Может быть, оттуда, с той поры, мальчик нес в себе тяжкий груз — предчувствие несчастья!

Да нет же, какая чепуха! Напротив, всю сознательную жизнь мальчик, уже став зрелым, пожилым, старым, чувствовал другое — он был очень удачлив. Но до каких же пор мальчик будет оставаться безымянным? Назовем его для удобства Петей — и дело с концом.

Три семейных предания сопровождали Петю всю жизнь.

Где-то на даче он увидел у маленькой девочки яркий зонтик с красными и голубыми цветочками. Это было не то в Славянске, не то в Святых горах. Стоял август, жара. На две недельки к ним в гости прикатил из-под душного, закоптелого Лисичанска, где он уже занимал должность управляющего чугунолитейным заводом, папа. (Как тогда называлось время отпусков? Вакации?) Сам хозяин согласился его заменить в заводской конторе.

Петя увидел этот цветной зонтик, это небывалое воплощение красоты, которым щеголяла маленькая девочка. Нужды в зонтике не было никакой, потому что Пете не требовалось защищать свое конопатое личико от загара. Тем не менее он почувствовал, что свет ему не мил без такого зонтика. И это чувство было до того страстным, безудержным, настойчивым, несбыточным, что Петя уселся в пыли на проезжей части улицы и заявил, что хочет такой зонтик.

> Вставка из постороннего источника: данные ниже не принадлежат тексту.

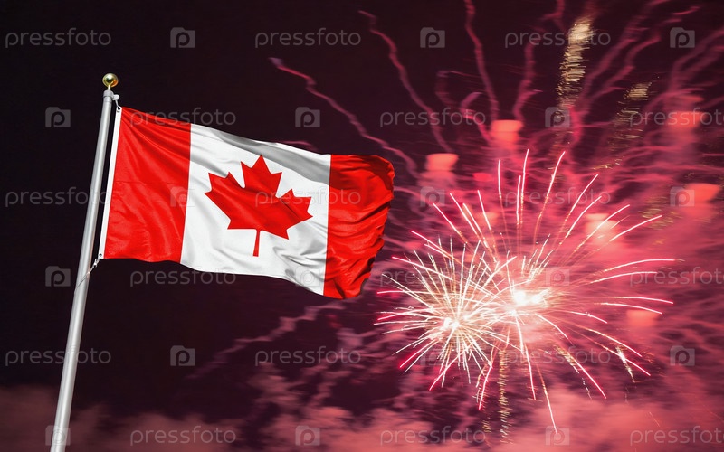 AI генеративный Флаг национальной независимости Канады, фейерверк на заднем плане

Сперва его тихо уговаривали не капризничать и поднимали за руку, так как не пристало ребенку из приличной семьи рассиживаться в пыли посредине улицы, — это мама. Папа, привыкший руководствоваться мужской логикой, говорил, что в зонтике нет никакой нужды, потому что день великолепный и дождя не предвидится. Потом оба они говорили, что вообще зонтик не подходит мальчику, ими пользуются только девочки. Но разве словами когда-нибудь удавалось подавить безудержную страсть? Тем более зонтики продавались рядом на улице, в магазине игрушек. И Петя опять опустился на мостовую и заорал благим матом:

— Я не можу жить без зонтика!

Нетерпеливый, как и все мужчины, молодой папа ловко поднял Петю в воздух и на весу, не прикладывая к коленям, старательно отшлепал. В такой противоестественной позе Петю отшлепали впервые, а может быть, его и вообще шлепали впервые, он был удивлен и даже не сразу понял, что происходит. А когда понял, то заорал пуще прежнего. «Я не можу жить без зонтика!» — ревело и рыдало над сонной улицей курортного городка — не то Славянска, не то Святых гор.

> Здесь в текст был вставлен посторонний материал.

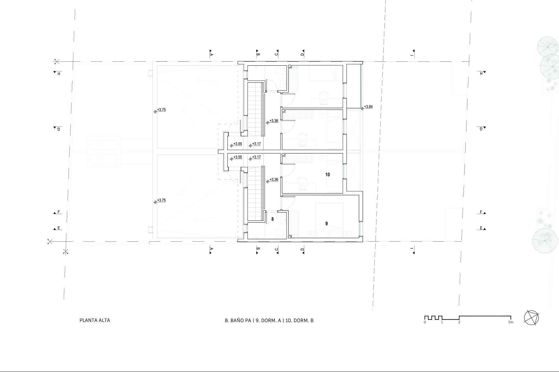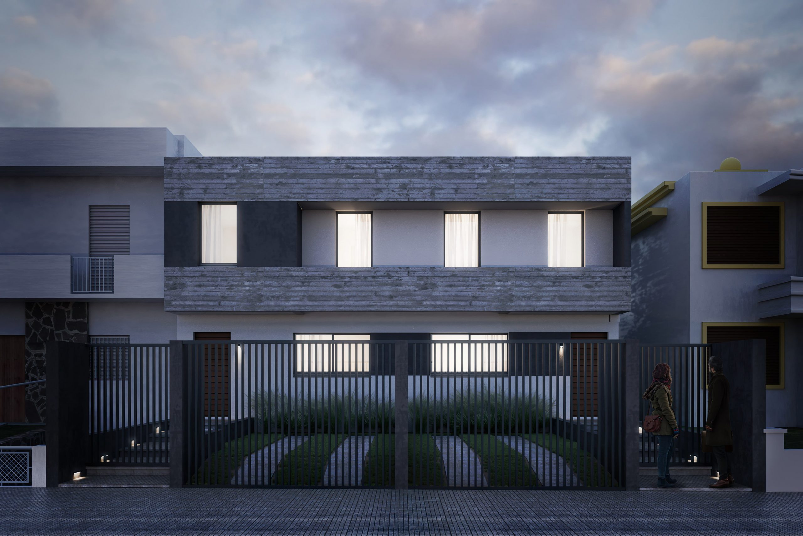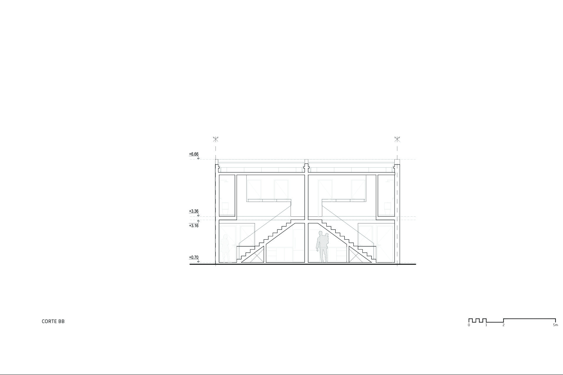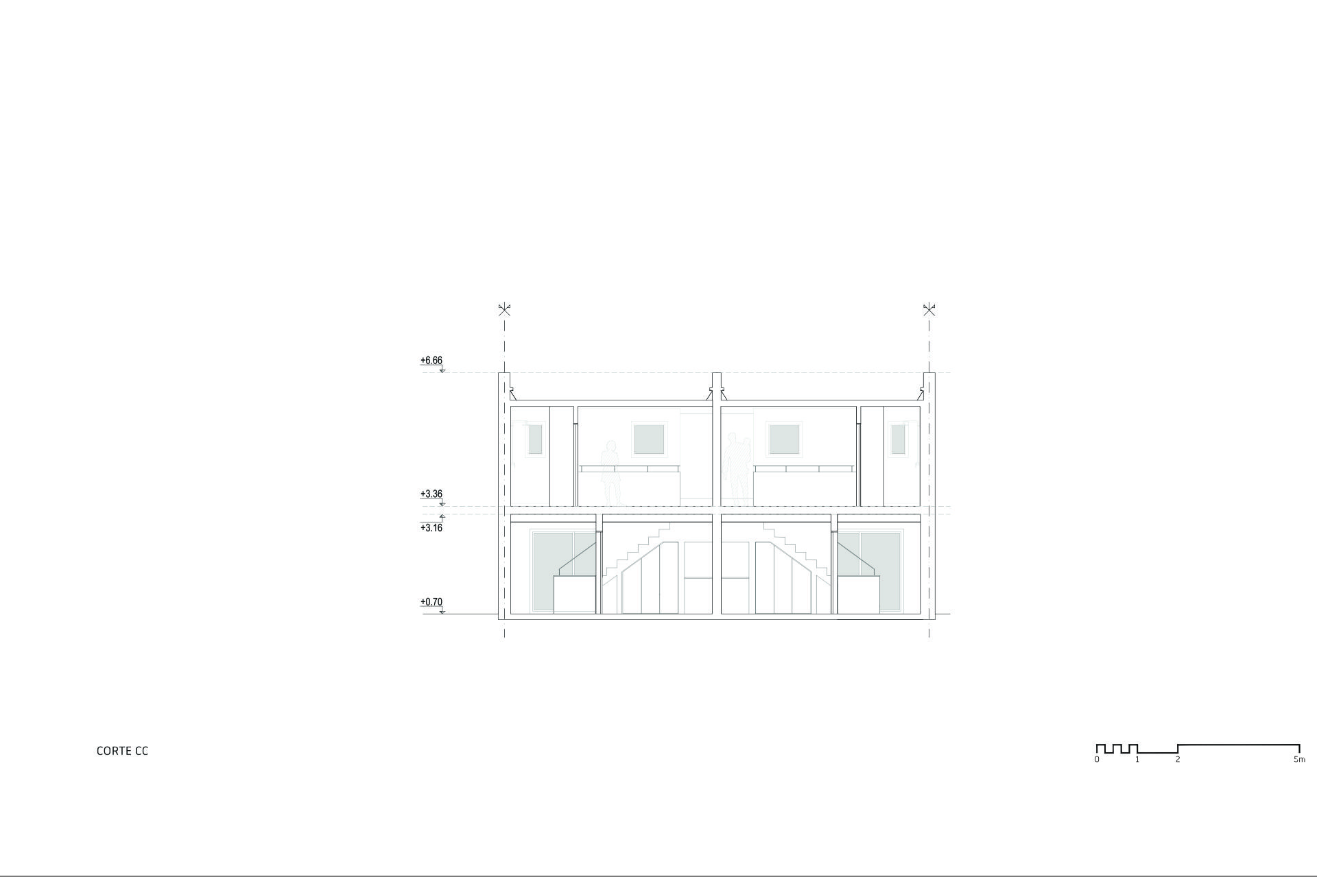 Vivienda de Interés Social, que se desarrolla en dos plantas, articulando dos unidades, ambas de 3 dormitorios. En planta baja se organizan el living / comedor asociados al parrillero ubicado en el fondo del predio, cocina, baño y dormitorio principal. Hacia el frente del terreno se resuelve el acceso techado y cochera. En planta alta se disponen los dos dormitorios restantes y baño. Adelantando una posible ampliación a futuro, se realizan las previsiones necesarias para poder conformar un cuarto dormitorio en planta alta.

Второе предание о том, как Петя, словно знаменитый Томас Алва Эдисон, задумал высидеть цыплят.

Случилось это вот как. Хозяйка старого алуштинского дома, у которой мама с Петей сняли комнату, приготовила для продажи плетеную корзинку с тремя десятками яиц. Петя же знал, что цыплят высиживают, а так как он очень любил их, маленьких, пушистых, то, недолго раздумывая, и уселся на корзину с яйцами, предвкушая долгую, терпеливую работу.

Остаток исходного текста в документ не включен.